REPORT ON AUTOMOBILE INDUSTRY


INTRODUCTION: The year 1885 marked the birth of the automobile industry, which later became much more successful than the manufacturing industry over the last 20 years and the most important industry in the world. The Automobile Revolution began at around the same time, and it is when the technology to produce and operate cars is already possessed by the Europeans and North Americans. But earlier in the 18th century, there was already a long series of efforts to combine the steam engine and the road wagons in some parts of the United States, Italy, France and Britain. It was in the 1890 that the process of uniting the technology, the manufacturing ability and the potential market in order to sell motorcars occurred in France and in Germany. The first boom of the industry, however, happened a few years later, specifically from 1895 to 1908. France dominated the young industry during the first boom, being the leading producer and exporter of automobile at the time.

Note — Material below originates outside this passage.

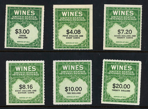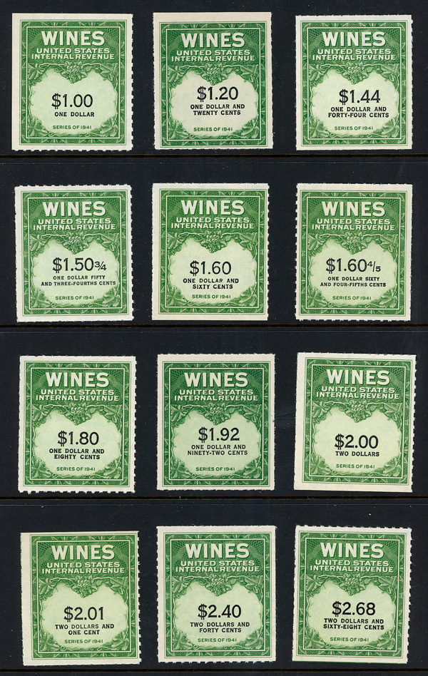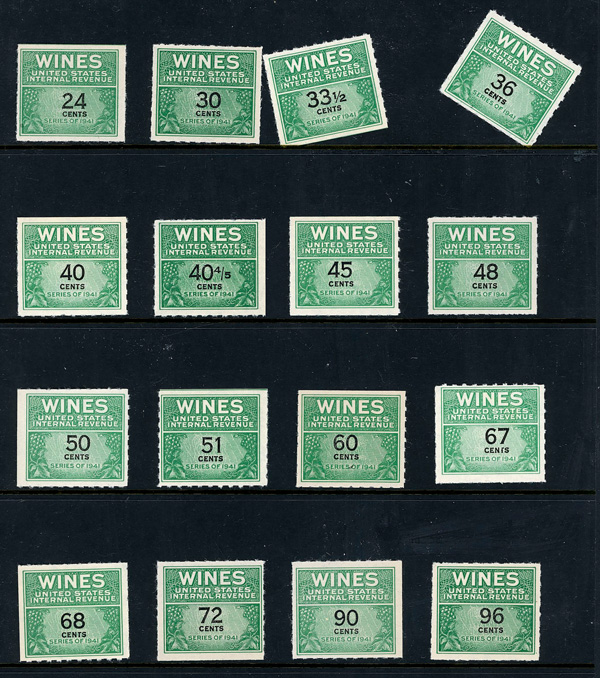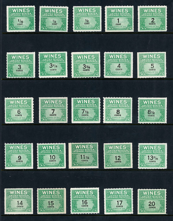 9282 ng RE108//RE203 imageWine Stamps, 1942-54, 1/5¢-$20.00 (Scott RE108//RE203), selection of 59 different, without gum as issued, Fine to Very Fine.

One of the reasons for the French dominance for most of the early car manufacturing days is the hesitation of the other industrial nations to participate in it. A minor economic recession in between the years 1907 and 1908 became the turning point for the industry, as Britain and Germany overtook Frances lead by growing at a faster rate than the latter and breaking away from Frances shadow. The United States, likewise, took the challenge of revolutionary innovations in order to satisfy the mass markets they found. By 1985, most of the cars produced around the world came from Germany (Benz) and France (Panhard ET Levassor and Peugeot). In the course of the revolution of the automobile industry, a shift in its clientele, its labour force, its strategy and structure is ever apparent. Cars originally catered only to the urban upper classes, but in the course of developing cheaper and more efficient ways in manufacturing them, which resulted to the manufacturers ability for mass production, the scope of market extended even to the general populace. What once was a status symbol for the affluent now became a necessity, as cars proved to be one of the most convenient means of transportation available the world over.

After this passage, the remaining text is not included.